The kingdom has amassed vast wealth from its oil reserves but is now seeking to encourage foreign investment as it goes through an unprecedented period of change, after the death of King Abdullah earlier this year.
The Saudi Stock Exchange, or Tadawul, has gained more than 16pc so far this year and is now worth $550bn (pounds 355bn). In contrast, Britain's FTSE 100 index of leading shares has gained 2.7pc and is worth pounds 1.8 trillion.
The Tadawul is made up of 170 companies that are focused in banking, property and oil & gas and shipping.
The index is trading on a price-earnings ratio of 20 times and pays a 2.8pc dividend yield, which compares with the FTSE 100 on a PE ratio of 21 times and a 3.9pc dividend yield.
The five largest companies on the exchange are Al Rajhi bank, Saudi Basic Industries, which is a chemicals, fertiliser, plastics and metals specialist, National Commercial Bank, Jabal Omar Development and Savola, which is a food group.
Saudi Arabia's market regulator is trying to prevent a rush of speculative money heading to the Middle East. Accordingly, the Capital Market Authority has restricted trading to institutions and professionals classed as "qualified foreign investors" with $5bn (pounds 3.2bn) under management, and a five-year track record.
Foreign investors will not be allowed to take controlling stakes in Saudi Arabian companies, with the maximum holding of any single investor in a given company limited to 5pc. The combined holding of all qualified foreign investors in any company is limited to 20pc.
The move comes as Saudi Arabia is grappling with a sharp fall in the oil price during the past 12 months.
There are six companies from which foreign investors are still excluded. The companies are Makkah Construction & Development, Jabal Omar Development, Medina-based Taiba, Knowledge Economic City, Saudi Real Estate and the National Shipping Company of Saudi Arabia.
Mohammed Aljadaan, chairman of the Capital Market Authority, said: "[Foreign investment] will also enhance the market efficiency and motivate listed companies to improve the levels of transparency, disclosure and governance practices."
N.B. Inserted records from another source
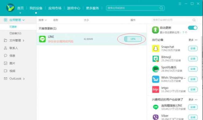 2、点击软件顶部的【我的设备】,然后您可以看到软件左侧的应用管理、文件管理等信息,点击【可更新】,就可以看到可以更新的所有软件,点击【更新】就可以了。
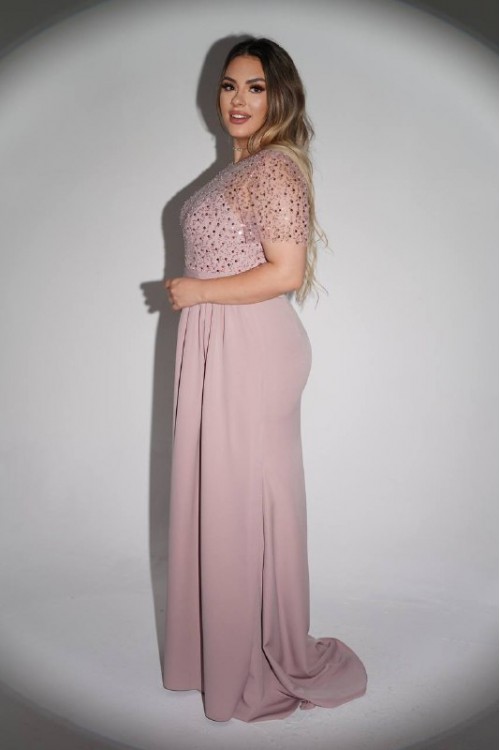 Легкое нарядное платье для девушек с пышными формами. Линия талии завышена. Есть разрез вдоль ножки...
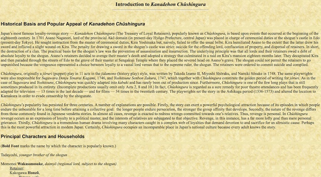 The facts of the actual historical event which took place in 1701/02 are murky. Asano Naganori (Enyan Hangan in the Chushingura) initiated a violent action of some sort against Kira Yoshinaka, a Tokugawa government official (Ko no Morono in the play), in the palace of the shogun during a state ceremony. This brought disaster to his house of Asano. For his misstep he was required to take his own life by seppuku (harikari, self disembowelment) that same day, lands and properties were confiscated, and his several hundred samurai followers became master-less unemployed men known as rōnin. The play revolves around the intrigue of 47 of these rōnin who chose to pursue a secret vendetta to finish the assassination their master initiated. Under the leadership of Ōishi Kuranosuke Yoshio (Oboshi Yuranosuke in the play) the intrigue climaxes with a night-time raid on the house of Kira on Dec. 14, 1702. The rōnin behead Kira, carry his head through the city of Edo to the Sengakuji temple where Asano's ashes had been interred, and turn themselves in. It seems there is popular support for the rōnin and it takes three weeks for the shogun to decide their fate. He requires, or offers, these rōnin the opportunity to take their own lives by honorable seppuku rather than be executed as common criminals. The 47 all commit seppuku and are currently interred in a set of revered graves at the Buddhist Sengakuji temple in Tokyo.
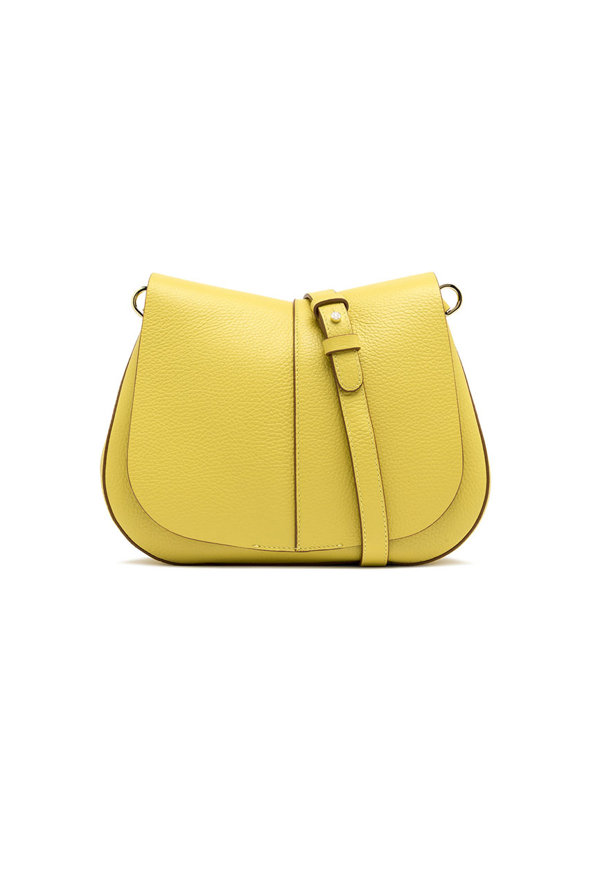 Borsa media in pelle martellata gialla, iconica e dal design strutturato, perfetta per uno stile contemporaneo e chic. Dotata di tracolla regolabile per una doppia portabilità, offre praticità con doppio compartimento interno e tasca posteriore a scomparsa. Un accessorio elegante e funzionale per ogni occasione.
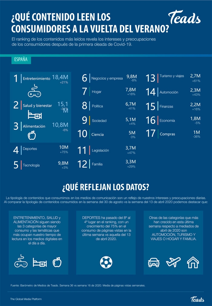 Desde enero de 2020 Teads está monitorizando el tráfico en su plataforma, que incluye a los principales grupos editoriales en España, entre los que se encuentran Unidad Editorial, El Confidencial, Hearst, Público, Condé Nast y Blue Media. Entre marzo y abril de este año, los contenidos más consumidos en volumen de páginas vistas tenían relación con la salud y el bienestar en primer lugar, seguido de lo relacionado con la legislación y las instituciones y, por último, la alimentación y recetas de cocina.
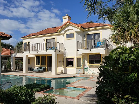 GORGEOUS 5-BEDROOM CLOISTERS HOME WITH INCREDIBLE POOL AND SUMMER KITCHEN! Located on a peaceful, tree-lined street in The Cloisters, this 5-Bedroom, 2.5-Bath home is a hidden gem. Featuring over 3000 square feet of living area, this home has 4 bedrooms upstairs, including a huge master suite with a sitting room, large bathroom, two walk-in closets, and a balcony. There are 3 other large bedrooms upstairs, along with another bathroom, and 2 more balconies. Downstairs includes a living room, family room, formal dining room, 5th bedroom, half-bath, kitchen, and 2 wood burning fireplaces. Outside is perfect for relaxing or entertaining. There is a huge pool and spa and a covered summer kitchen with a gas grill, refrigerator, TV. There is also an outside bathroom with a shower. Beyond the pool is a dog run area and a lake. This property also includes a 3 Car Garage, a new pool pump and filter, an AC system that is still under warranty, and a newer roof. Call Chris Martin at 321.543.437
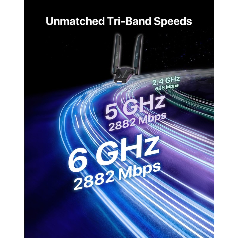 - Unmatched Tri-Band Speeds: Experience blazing wireless speeds up to 6.5 Gbps—2882 Mbps on 6 GHz, 2882 Mbps on 5 GHz, and 688 Mbps on 2.4 GHz. Enjoy exceptional throughput and low latency for all your high-demand tasks with the USB WiFi dongle
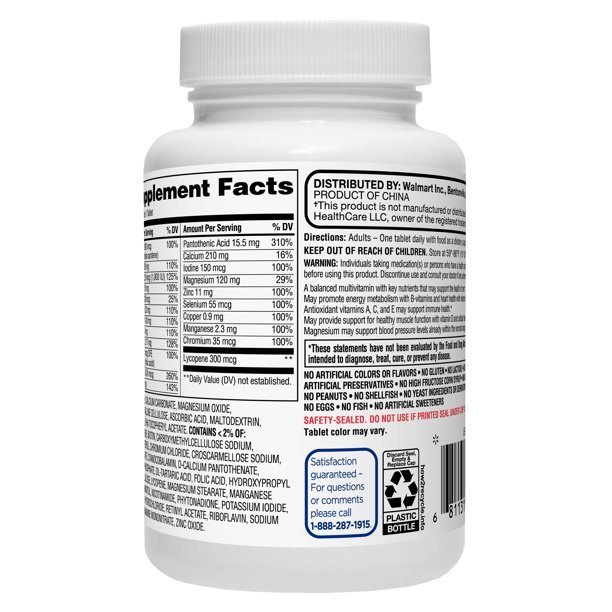 Equate One Daily Men's Multivitamin/Multimineral Supplement Tablets; 100 Count
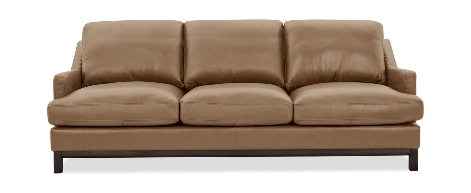 Indulge in the epitome of luxury with the Langley Leather Sofa from HOM Furniture. Crafted with the finest materials, this sofa boasts high-resiliency foam for unparalleled comfort and support. The transitional style seamlessly blends modern and traditional design elements, making it a timeless addition to any living space. Featuring 100% Top Grain leather on the seats and a vinyl match on the sides and back, the Langley Leather Sofa exudes sophistication in a beautiful butternut color. Its engineered hardwood frame and steel spring suspension ensure durability and longevity, while providing a sturdy foundation for relaxation.
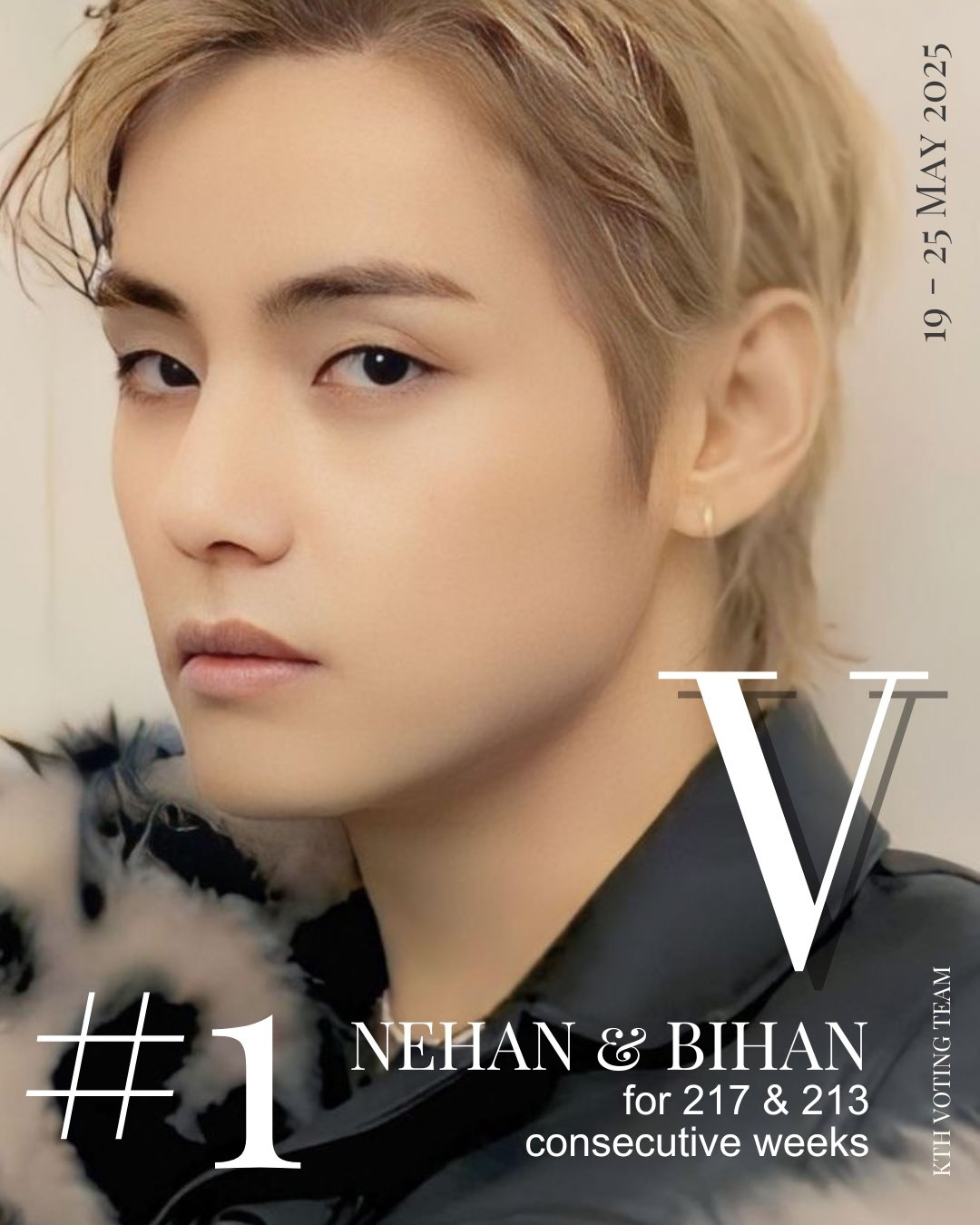 뷔는 2025년 5월 19일부터 5월 25일까지 일본 인기 아이돌 랭킹 사이트 '네한'(NEHAN)에서 실시한 남자 아이돌 랭킹 투표에서 217주 연속 1위 기록을 경신했다. 같은 기간 한국 배우 인기 랭킹 사이트 '비한'(BIHAN)의 '20대 한국 배우' 부문에서는 213주 연속 1위를 기록했다.

Hedi Ben Mlouka, of fund manager Duet's frontier market fund, said: "The opening of the Saudi stock market to foreign investors will give more flexibility to those seeking access to this vigorous economy.
"With daily turnover of $2bn, the Saudi market is the most liquid in the Middle East and North Africa region. Once the changes are in place, international investors are likely to want access to Saudi businesses generally and particularly to non-cyclical sectors such as healthcare and retail."